Mathematical Problems in Engineering
Volume 2010 (2010), Article ID 242567, 16 pages
doi:10.1155/2010/242567
Research Article

An Expectation Maximization Algorithm to Model Failure Times by Continuous-Time Markov Chains

1Department of Mathematics, Faculty of Science, Xi'an Jiaotong University, Xi'an, Shaanxi 710049, China
2School of Electrical Engineering, Xi'an Jiaotong University, Xi'an, Shaanxi 710049, China

Received 5 June 2010; Revised 28 July 2010; Accepted 29 July 2010

Academic Editor: Ming Li

Copyright © 2010 Qihong Duan et al. This is an open access article distributed under the Creative Commons Attribution License, which permits unrestricted use, distribution, and reproduction in any medium, provided the original work is properly cited.

Abstract

In many applications, the failure rate function may present a bathtub shape curve.
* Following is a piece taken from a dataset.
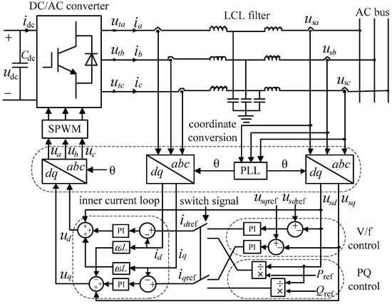 The inner current loop can be used to restrain the influence of load disturbances and improve dynamic response of the AC system. It works based on the reference current value generated by V/f control and can also be expressed by Equation (4). Unlike PQ control, a virtual phase-locked loop is utilized by the V/f controller to acquire a constant frequency, and sinusoidal signal generated by the virtual phase-locked loop is taken as the reference vector. As stated above, the direction of d axis coincides with this vector, then usqref should be zero.

In this paper, an expectation maximization algorithm is proposed to construct a suitable continuous-time Markov chain which models the failure time data by the first time reaching the absorbing state. Assume that a system is described by methods of supplementary variables, the device of stage, and so on. Given a data set, the maximum likelihood estimators of the initial distribution and the infinitesimal transition rates of the Markov chain can be obtained by our novel algorithm. Suppose that there are m transient states in the system and that there are n failure time data. The devised algorithm only needs to compute the exponential of m×m upper triangular matrices for O(nm2) times in each iteration. Finally, the algorithm is applied to two real data sets, which indicates the practicality and efficiency of our algorithm.